Завирюха будто чуял направление его размышления и подтолкнул:
- Ты у знаменитости работаешь! У народного артиста. Может, он порадеет. Поможешь?
- Попытаюсь, - не сразу ответил Сева, - я... Попытаюсь... Как ты меня нашел?
- Ты же писал, что ходишь в "Националь". Ну, с вокзала меня туда вечером и подвезли. Швейцар дал адрес твоей бабы... Сказал: "Она у нас человек известный".
Сева помрачнел.
- Вась, ты с вечера здесь сидишь?.. - Он попытался замять возникшую неловкость.

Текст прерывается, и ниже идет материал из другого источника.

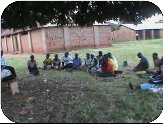
Work Plan Development in Omiya Anyima S/C

Sub-county CDOs participated and facilitated the process of implementation of the pilot project first phase [ 7 animal tractions and 1 heifer rearing]. The processing of CDD application forms, CDD group assessment and work plan development were done among others. A series of meetings also took place with the different communities/ groups implementing the pilot projects to develop work plan for the projects.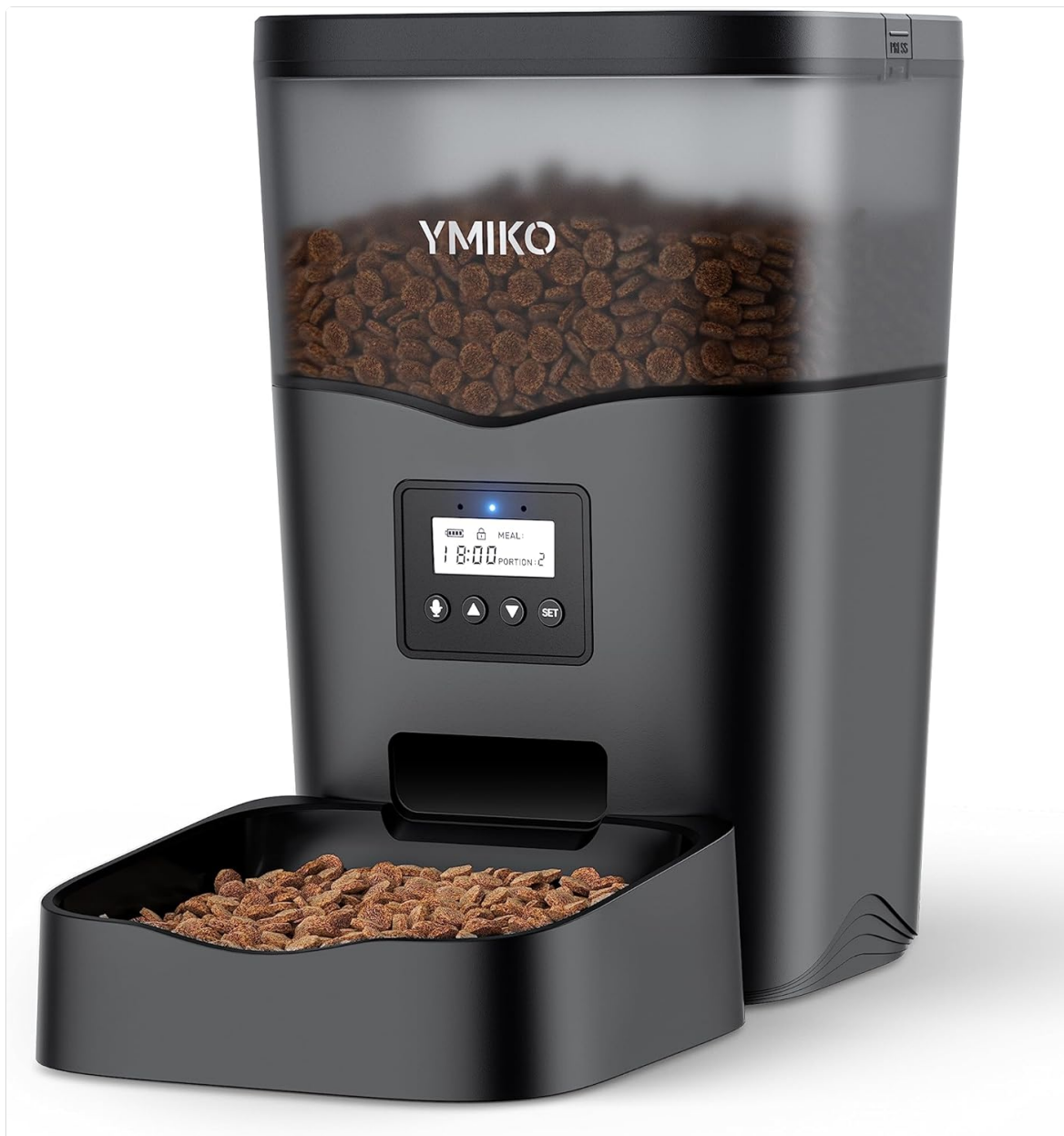
Image: The Ymiko Automatic Cat Feeder, a black unit with a translucent food hopper filled with kibble, and a black food bowl attached at the bottom.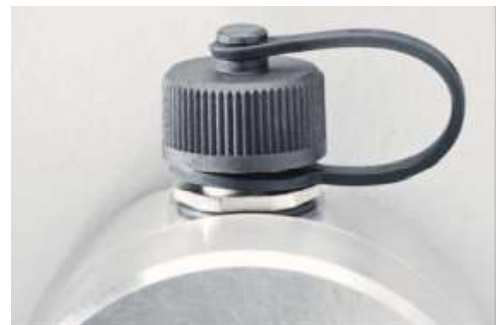
Fig. 4: Fastened Protective Cover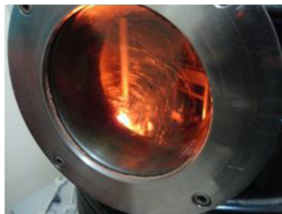
Fig. 2 Coating process

tubes, and the wires were immersed in it and were incubated for 24 h at 37 °C inside the laminar air flow chamber or inoculators (Fig. 3). Wires to which bacteria adhered were carefully removed and immersed in a 10 % formaldehyde solution for 30 min to immobilize the cells. After a careful rinse with distilled water, the wires were dried in a desiccator for 24 h. The weight change of the brackets during the bacterial adhesion test was recorded with an analytical balance.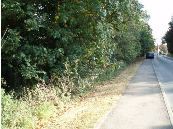
View south along Carlton Road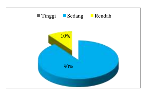
Figure 3 N-Gain Experiment Class Learning Achievement

Based on the data in Table 3, it can see that the average N-Gain student achievement shown a result of 0.45 which is in the medium category. The results of the N-Gain calculation for each student can see in Figure 3.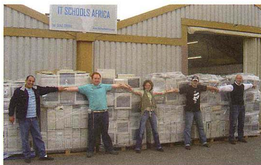
ITSA warehouse Cheltenham

Individuals, companies and schools donate computers to the programme, mostly bringing the computers to the ITSA warehouse in Cheltenham which acts as a hub for all operations. The computers are then refurbished, a process which involves checking them, carrying out repairs, wiping the hard drives with professional software and entering the computer specifications into a database. The computers are then packed, ready for shipping.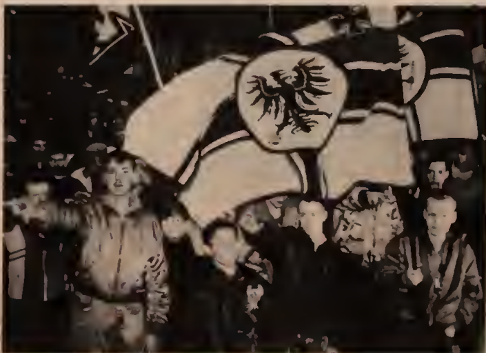
Nazi skinheads in Halle, November 1991. For worker/immigrant defense against fascist terror!

And the "order to shoot"? The widely publicized 1991 book by Peter Przybylski, Tatort Politbüro: Die Akte Honecker (The Politbüro Case: The Honecker File) , claims: "The minutes of the 45th meeting of the National Defense Council of 3 May 1974 show that the chairman Honecker literally stated: 'As before, with attempts to break through the border, weapons must be ruthlessly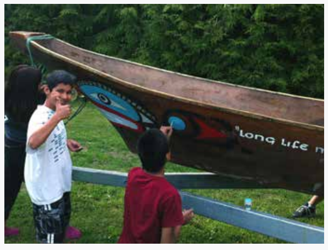
Youth painting Kw'umut Lelum's carved canoe

In 2001 , KL was granted C4 Delegation which included C3 services as well as guardianship services (foster care), and permanency planning for children in care. Le'lumilh Program of caregivers was implemented in the community, along with weekly parenting and play groups. Family Support Workers became Resource Workers, and the focus was on connecting children to their community to develop pride in their roots.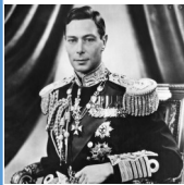
King George VI

The war began in 1939 and was officially over on 8th May 1945 World War II began Germany invaded Poland and would not withdraw.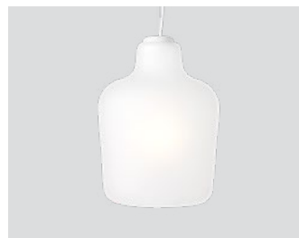
Say My Name pendant white matt – Item no. 668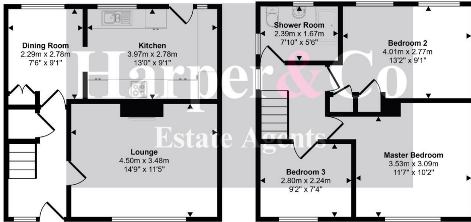
Ground Floor Approx 41 sq m / 443 sq ft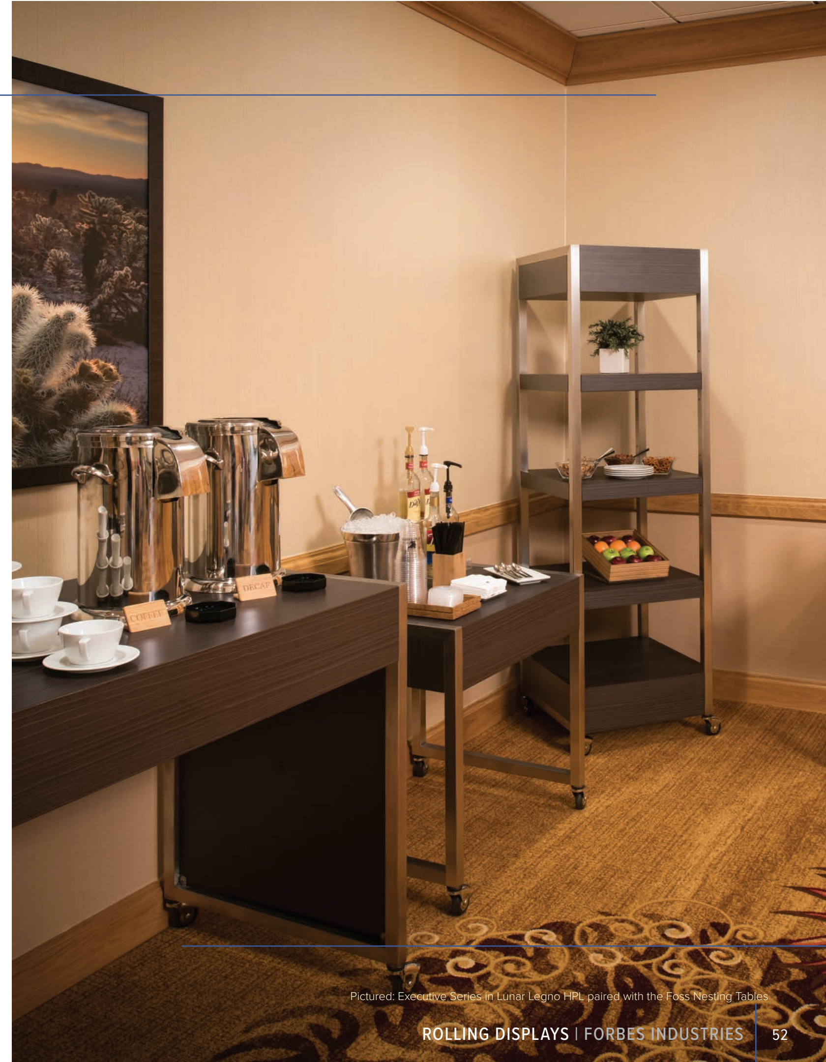
Pictured: Executive Series in Lunar Legno HPL paired with the Foss Nesting Tables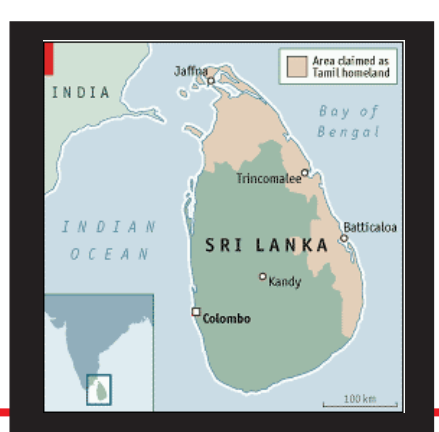
Tamil homeland designated in the Indo- Sri Lanka Accord of 1987

The island called Ceylon had three kingdoms, each with its own sovereignty, and territorial integrity and ruled by different kings, before the arrival of European colonialists. The British were the first to combine the three kingdoms under one administration in 1833. On independence in 1948, the British handed the entire island to the majority nation, the Sinhalese.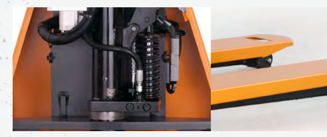
Manually operated pump with quick lift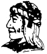
UGWA DEMOLUM YATEHI Because of the help of the Oneida Chief in cementing a friendship between the six nations and the Colon of Pennsylvania, a new nation for the United States was made possible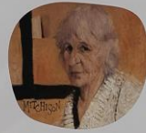
Naomi (Lady) Mitchison, 1897 - 1999. Author Painted by Clifton Pugh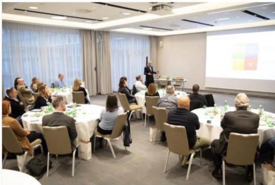
Kenes Group Leadership Summit 2025 - Vienna, Austria

From January 13 to 14, Kenes Group hosted its annual Kenes Leadership Summit 2025 , a traditional gathering of the management board and key partners, including Interplan, Kenes M+, derCampus, and Kenes Asia . The Summit, which fosters collaboration and innovation across the organisation, covered various critical topics shaping the company's strategic direction.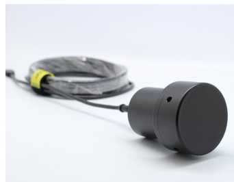
Dual Frequency Echosounder Unit

- Ну да, а что вас ночью беспокоить...
- Поднялся бы...
- Я же знал, что ты с бабой...
- Сейчас я позвоню на студию. Скажу, что не буду сегодня. - Сева устремился в подъезд.
- Стой. Это тебе. В грелке - самогон, а здесь - сало, - Вася Завирюха протянул грелку и сало в белой тряпице, - все наше, запорожское!
Последний объект снимали в тюрьме.
В Пресненской пересылке.
Площадкой руководил Певзнер.
- Машины идут одна за другой, дистанция - максимум три метра! - кричал он в мегафон. - Вадим, так годится? - спросил он у оператора.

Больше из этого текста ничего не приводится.